Subject to the Securityholder's Agreement, the Nominating Committee of the Board maintains an overview of the desired size of the Board, the need for recruitment and the expected skill-set of new candidates. The Nominating Committee reviews and recommends to the Board candidates for nomination as directors. The Board approves the final choice of the candidates that are to be elected by the unitholders.

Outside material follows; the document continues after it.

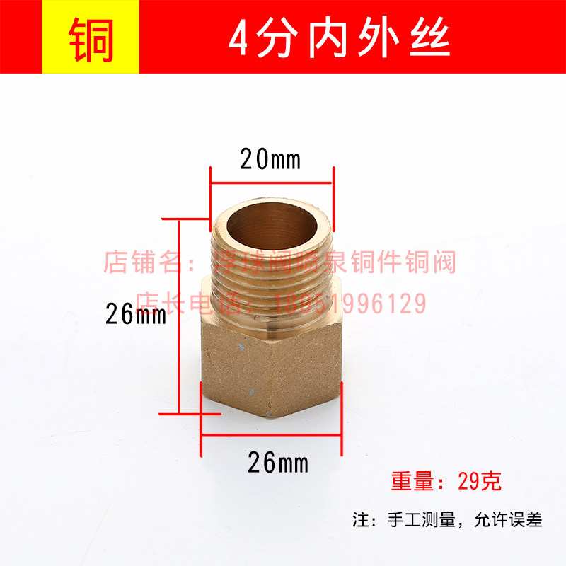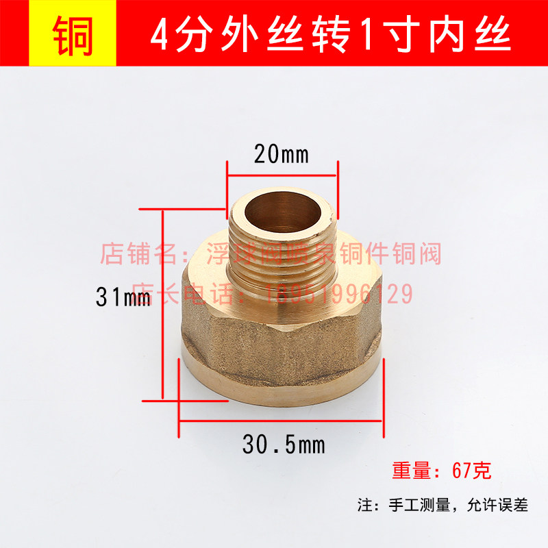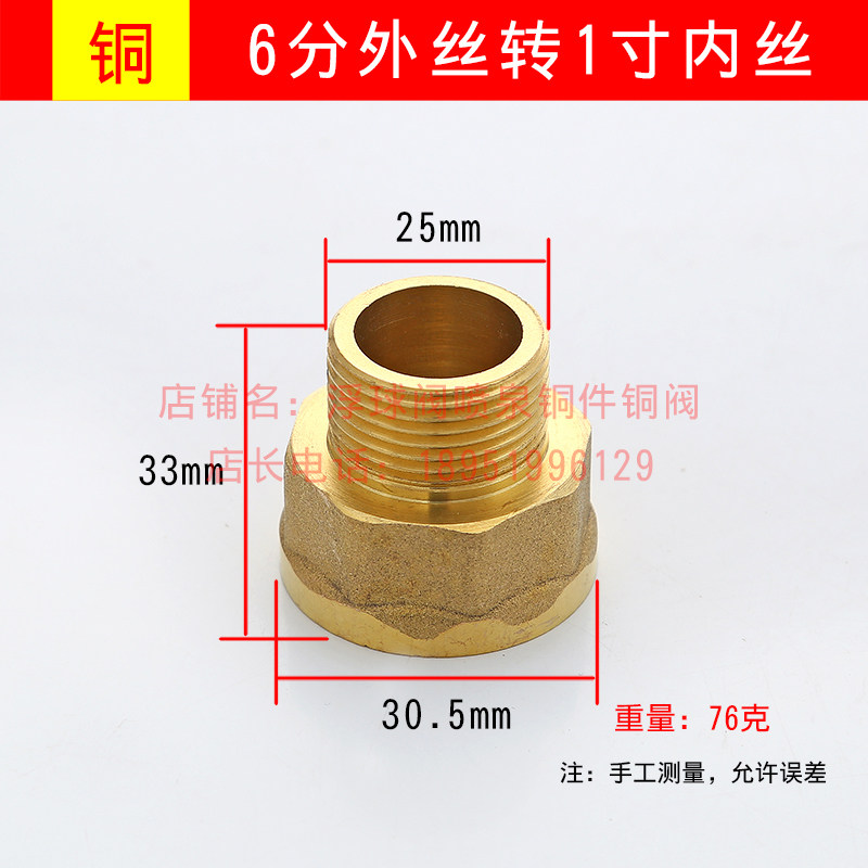 Полностью медный переходник, от 1 дюйма до 4 минут/от 6 минут до 4 минут, переходник-переходник для внутреннего/внешнего провода, утолщенный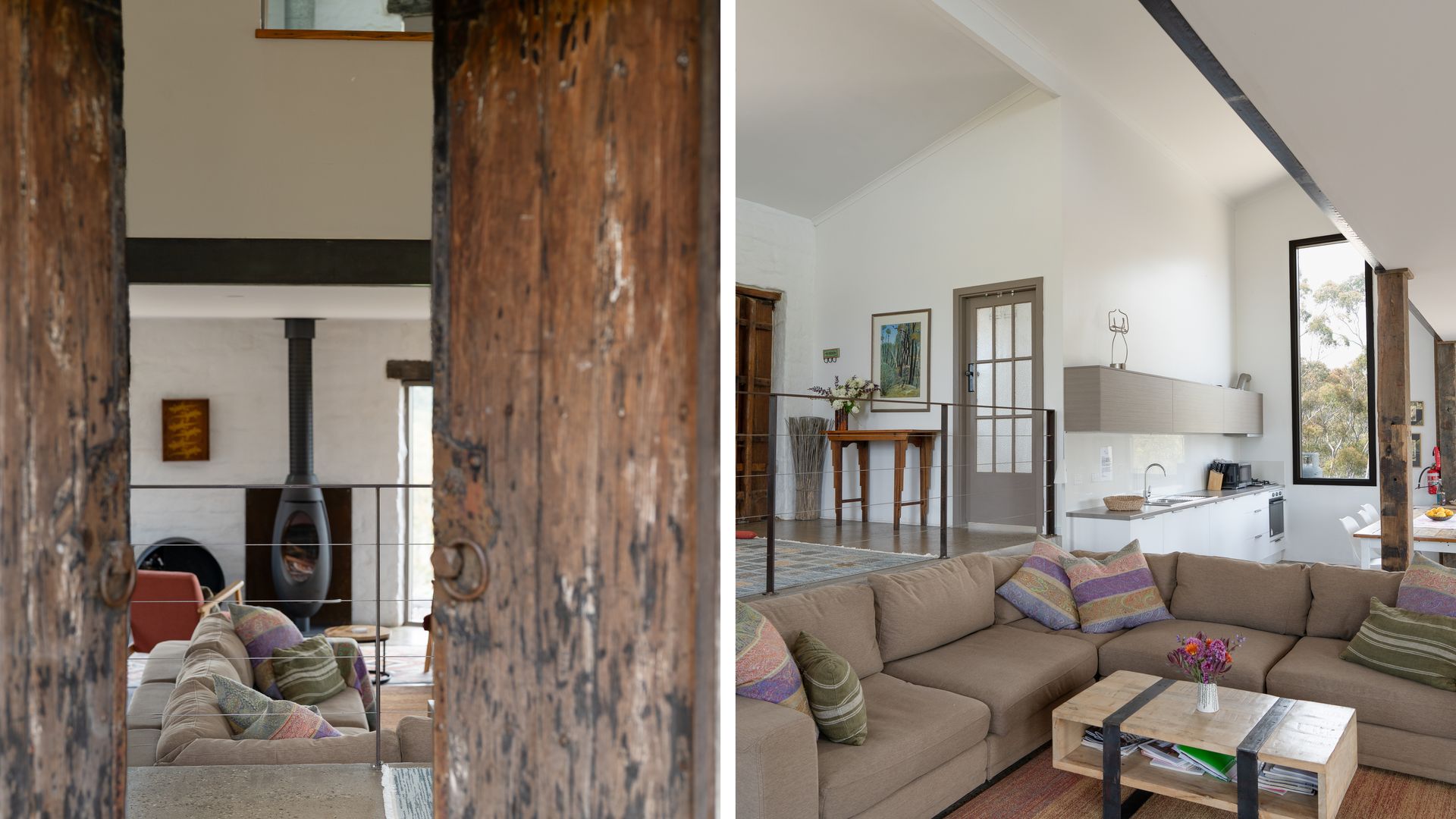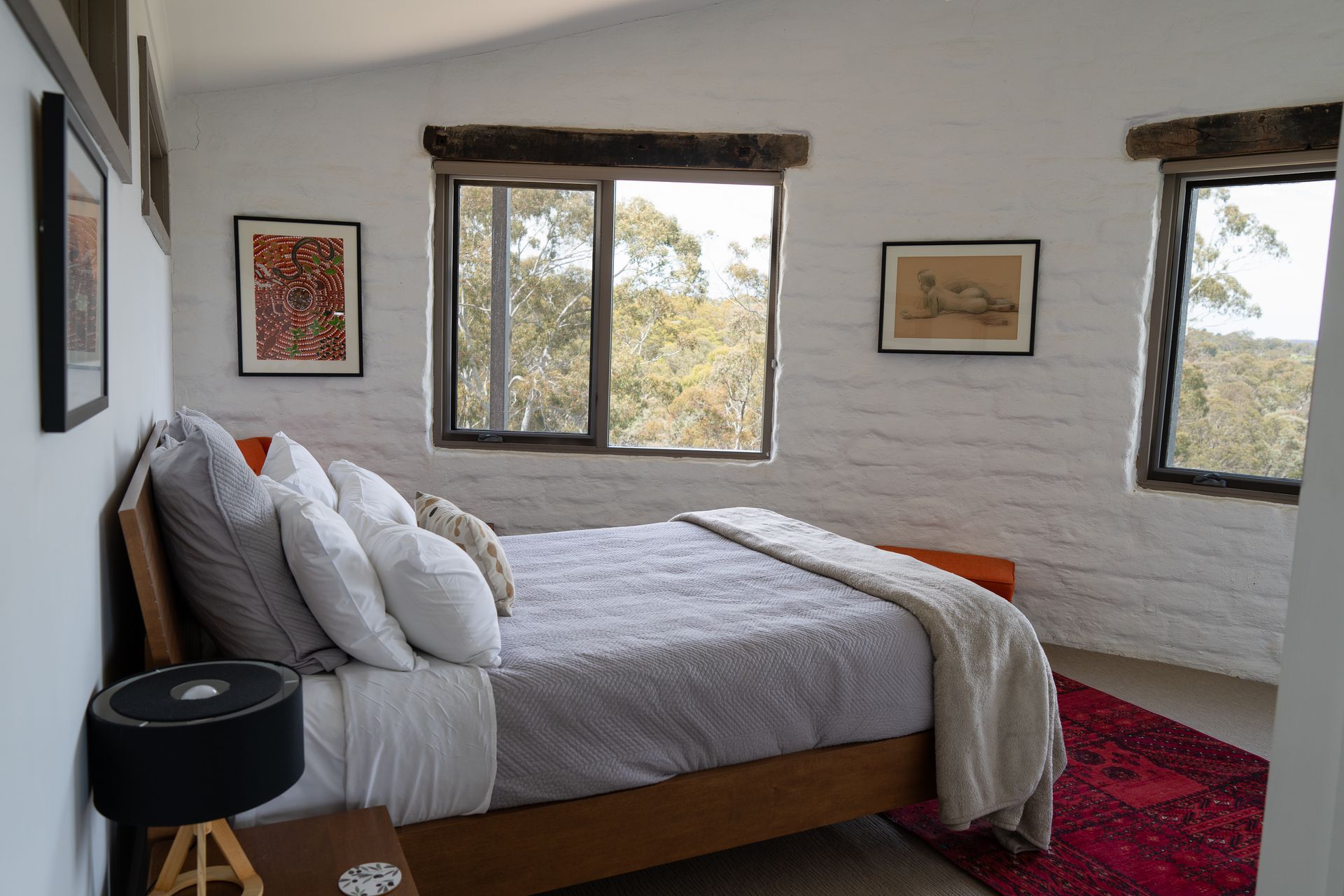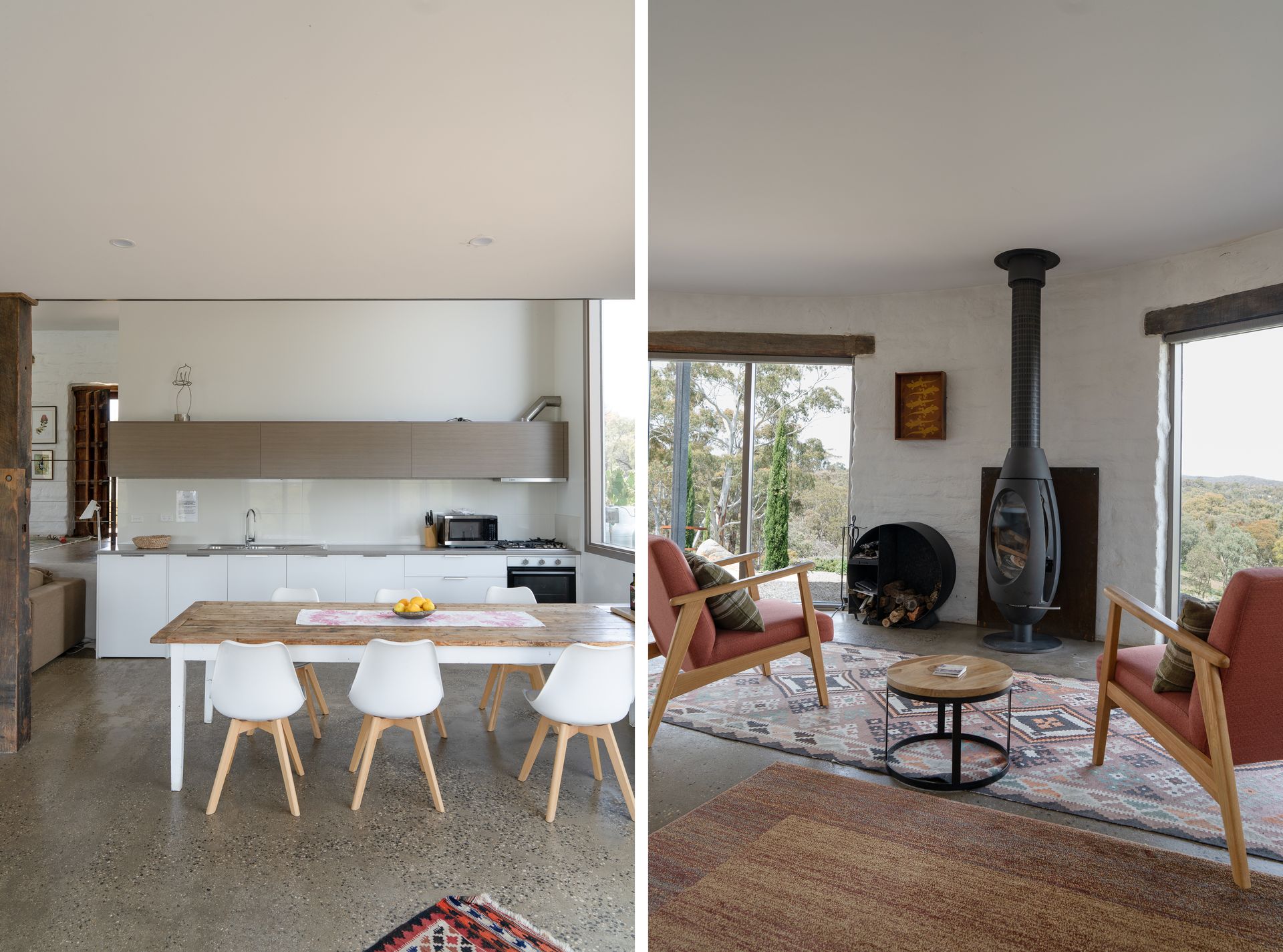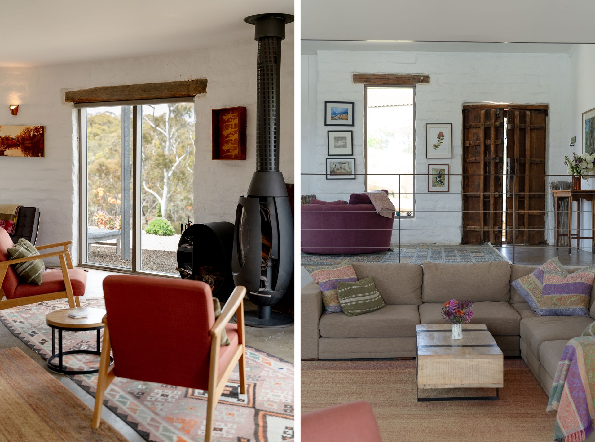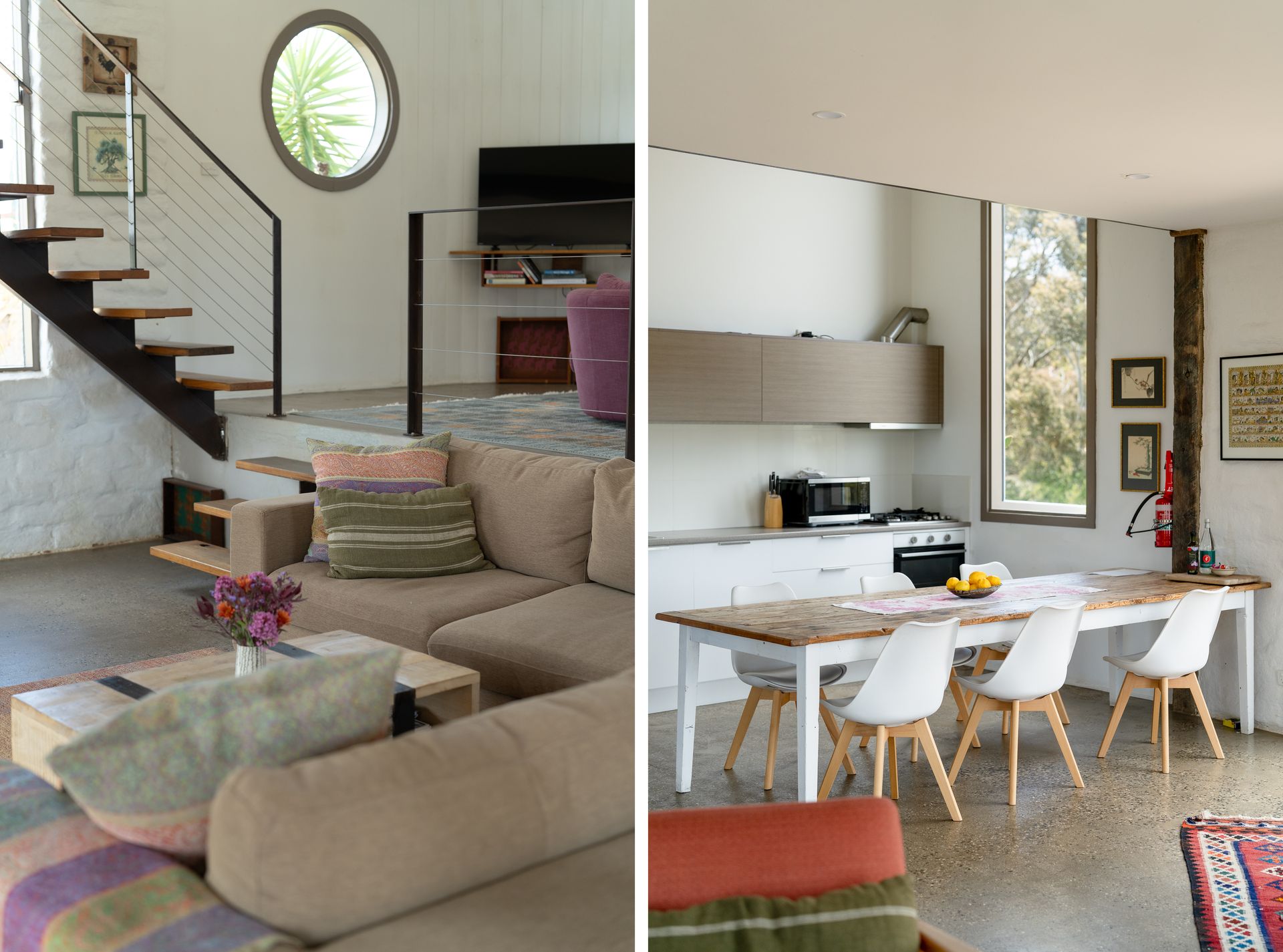 Lithia Guest House boasts an open-plan interior across two levels, illuminated throughout by natural light. Inspired by its design, the interior of the home offers north-facing views of the gorgeous Shepherd’s Flat, some of Victoria’s most vibrant bushland. An elliptical wood-burning fire on the ground floor invites guests to gather around on a cold winter’s night to enjoy the warmth, as well as the views from the lounge. Eclectic furnishings blend a clean, modern aesthetic with a countryside feel. Exposed wooden supports and bespoke, rustic doors complement the sleeker design elements.

Board members must have an appropriate mix of skills, knowledge and experience in business and an understanding of the industry and the geographical areas in which the Corporation operates. Directors selected should be able to commit the requisite time for all of the Board's business.
Chairman
A Chairman of the Board shall be appointed by the Board. If the President and Chief Executive Officer of the Corporation is also the Chairman of the Board, a Lead Director shall be appointed among the Board's independent directors.
Independence
A majority of the Board shall be composed of directors who must be determined to have no material relationship with the Corporation and who, in the reasonable opinion of the Board, must be unrelated and independent under the laws, regulations and listing requirements to which the Corporation is subject.
Criteria for Board Membership
Board members are expected to possess the following characteristics and traits:
(a) demonstrate high ethical standards and integrity in their personal and professional dealings;
(b) act honestly and in good faith with a view to the best interest of the Corporation;
(c) devote sufficient time to the affairs of the Corporation and exercise care, diligence and skill in fulfilling their responsibilities both as Board members and as a Committee members;
(d) provide independent judgment on a broad range of issues;
(e) understand and challenge the key business plans and the strategic direction of the Corporation;
(f) raise questions and issues to facilitate active and effective participation in the deliberation of the Board and of each Committee;
(g) make all reasonable efforts to attend all Board and Committee meetings;
(h) review the materials provided by management in advance of the Board and Committee meetings.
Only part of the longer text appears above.